The Pteroidea clade (Solanum section Pteroidea Dunal) is a monophyletic group (Tepe et al. 2016; Gagnon et al. 2022) comprising ten erect herbaceous or climbing species, with simple or compound (deeply pinnatifid without interstitial leaflets) leaves and with axillary scorpioid inflorescences, many of the species have rugose conical fruits (Knapp and Helgason 1997). The axillary inflorescences found in all species of the group are unique in Solanum and are the distinguishing apomorphy of the clade (Hilgenhof et al. 2023). Species of the group are found from Mexico to Bolivia, with a centre of diversity in the eastern Amazonian premontane or montane forests in Peru and Ecuador (Knapp and Helgason 1997). Recent DNA studies support the monophyly of group and its relationship with Solanum section Herpystichum Bitter, both considered within the larger clade informally known as the “Potato clade”, which also includes the wild relatives of the potato, tomato and pepino (Bohs 2005; Tepe and Bohs 2010; Tepe et al. 2016).

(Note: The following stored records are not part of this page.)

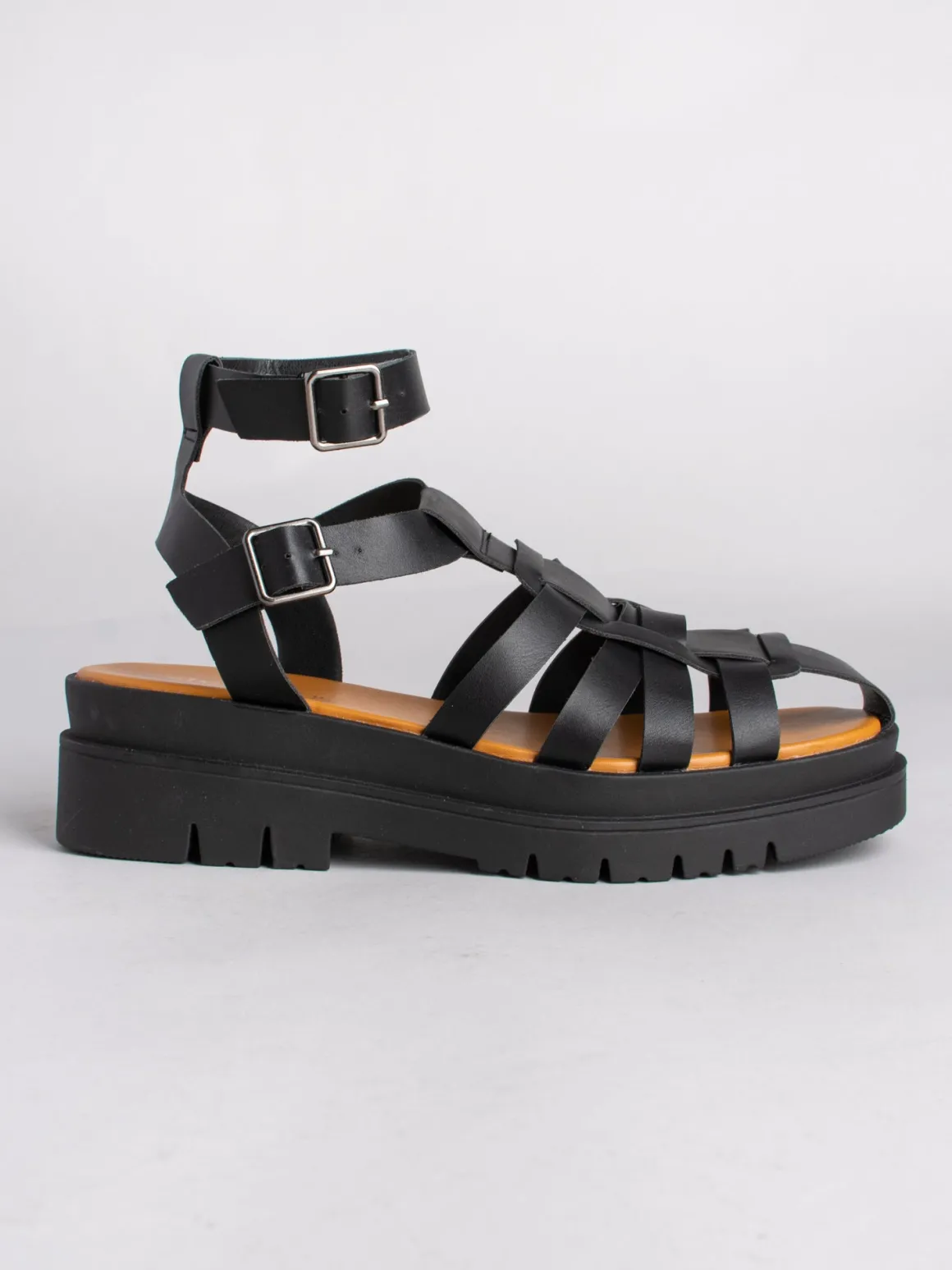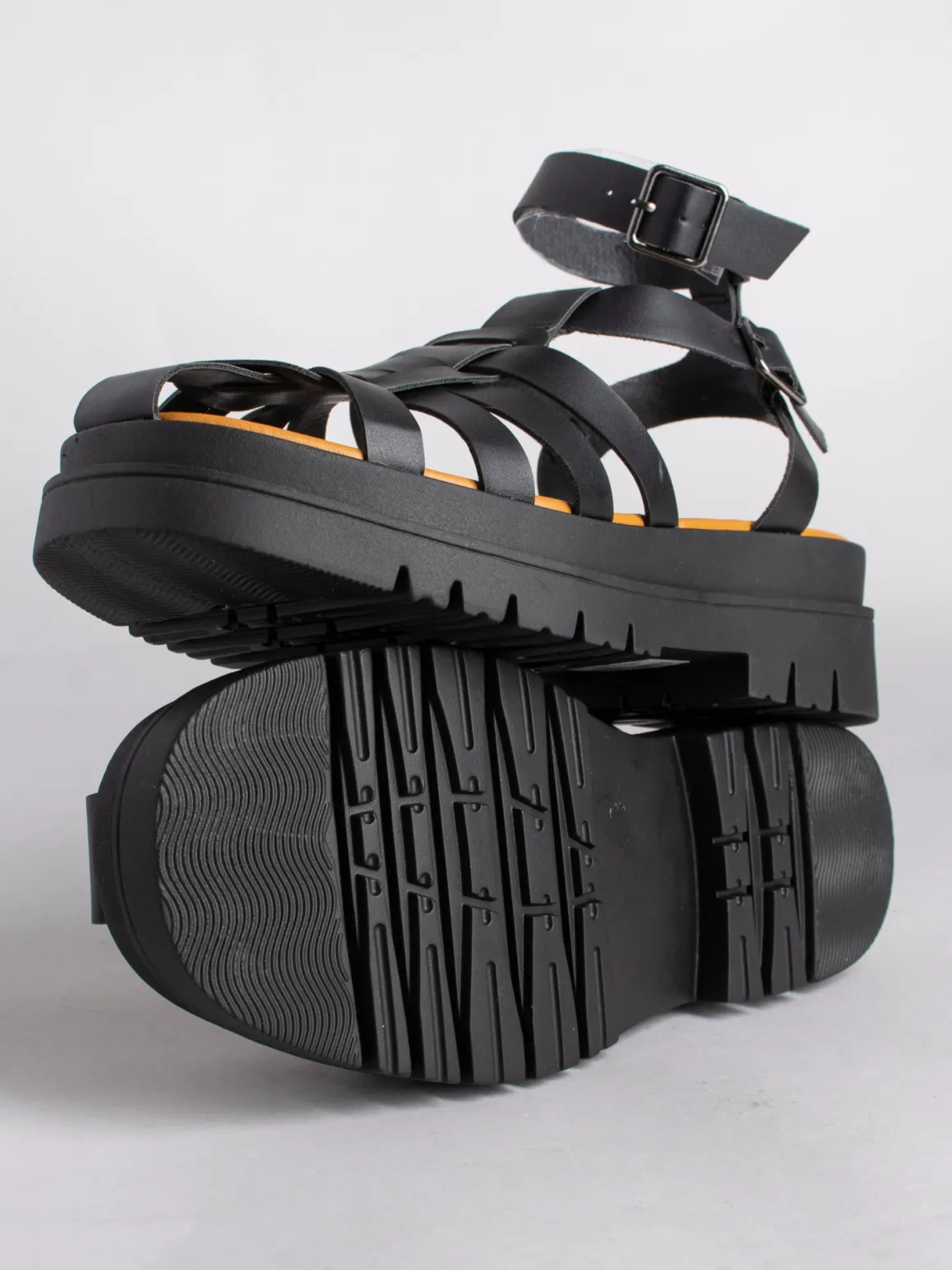 Sandalia cangrejera de plataforma con suela track. Cierre mediante pulseras al tobillo.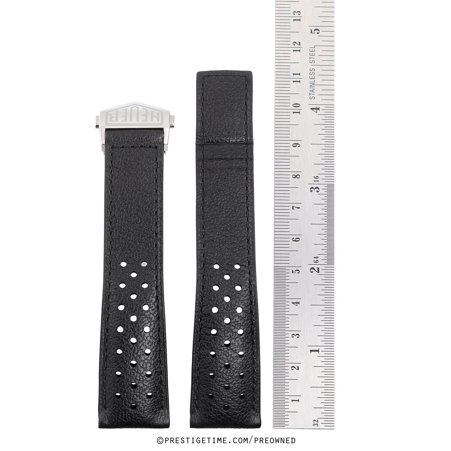 Genuine Tag Heuer black perforated calfskin strap with steel deployant buckle to fit Monaco Models.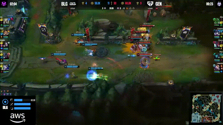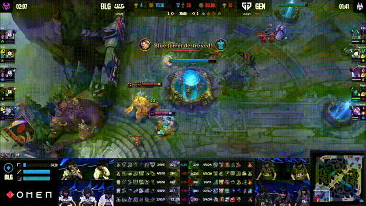 GEN抢下小龙,但BLG小龙团1换4大胜拿下大龙拉开5k经济差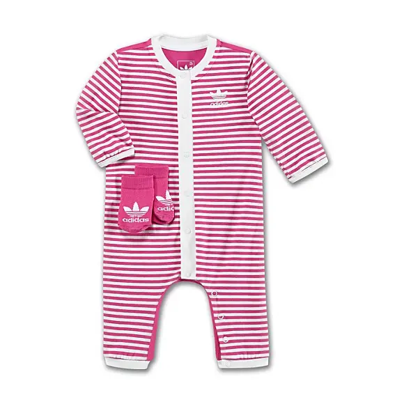 Welcome the new addition with this adidas Originals Gift Set, featuring a one-piece romper and matching socks. The romper has a sleepy-time Trefoil character on the back, while the front bristles with fun in vibrant stripes.

In the most recent taxonomic review of the group (Knapp and Helgason 1997), the ten known species were divided into two informal groups: 1) the “Solanum ternatum group”, with S. incurvum Ruiz & Pav. and S. ternatum Ruiz & Pav., characterized by larger fleshy corollas up to 2 cm in diameter at anthesis with triangular lobes and globose and smooth fruits with numerous flat and reniform seeds; and 2) the “Solanum mite group”, with S. anceps Ruiz & Pav., S. angustialatum Bitter, S. chamaepolybotryon Bitter, S. conicum Ruiz & Pav., S. mite Ruiz & Pav., S. savanillense Bitter, S. trizygum Bitter, and S. uleanum Bitter, all characterized by having small membranous corollas less than 1 cm in diameter at anthesis with strongly very reflexed lobes, rugose conical fruits (except for S. mite that possesses globose fruits), and with few ovoid reniform seeds. Of these species only S. anceps, S. angustialatum, and S. incurvum have simple leaves, the rest all have imparipinnate pinnatifid leaves with three to more leaflets (Knapp and Helgason 1997). Solanum anceps is one of the species with the widest distribution inhabiting the Amazonian region and montane forests of Peru and Bolivia up to 2,000 m in elevation. Solanum angustialatum is only known from premontane forests in the Department of San Martín in Peru. Solanum incurvum grows in cloud forests close to 3,000 m in elevation and is poorly collected; it is known just from a few localities in southern Ecuador and central Peru (Knapp and Helgason 1997).
While undertaking taxonomic revision of the Solanaceae in the Yanachaga-Chemillén National Park, we collected several specimens of an unusual species of Solanum that we recognized as a simple-leaved member of the Pteroidea clade distinctly different from any currently known species in the group. Here we describe this new species and discuss its distribution, relationships, and conservation status.
Materials and methods
This study was conducted primarily using field-collected material. We analyzed living plants of all species of the Pteroidea clade with simple leaves and herbarium specimens available at the following herbaria: AMAZ, BM, CUZ, HAO, HOXA, HUT, HUSA, K, MA, MOL and USM. We also examined the types of S. anceps and S. incurvum at MA, and S. angustialatum at K. Fine-scale morphological details were observed with stereoscopic and compound microscopy. Seeds were extracted from mature fruits, air-dried and mounted on aluminum stubs previously furnished with carbon adhesive tape on both sides. Mounted seeds were then covered with gold-palladium in a Denton Vacuum Dex II metal-supplier for approximately 60 seconds and then observed with a Phillips XL 20 Scanning Electron Microscope (SEM) at the Center for Electron Microscopy of Universidad Nacional de San Agustín, Arequipa, Peru. Distribution of S. stellaticalycinum is based on geographical information from herbarium specimens; where coordinates were not recorded on labels they were calculated using Google Earth. A preliminary conservation status was assessed using the IUCN (2022) criteria. All specimens were collected in accordance with Peruvian regulations under permits 004-2013-SERNANP-DGANP-JEF and 026C/C-2008-INRENA-IANP issued by the national environmental authority (SERNANP).
Taxonomic treatment
Solanum
stellaticalycinum
Taxon classificationPlantaeSolanalesSolanaceae
M.A.Cueva, Treviño & D.Sotomayor sp. nov.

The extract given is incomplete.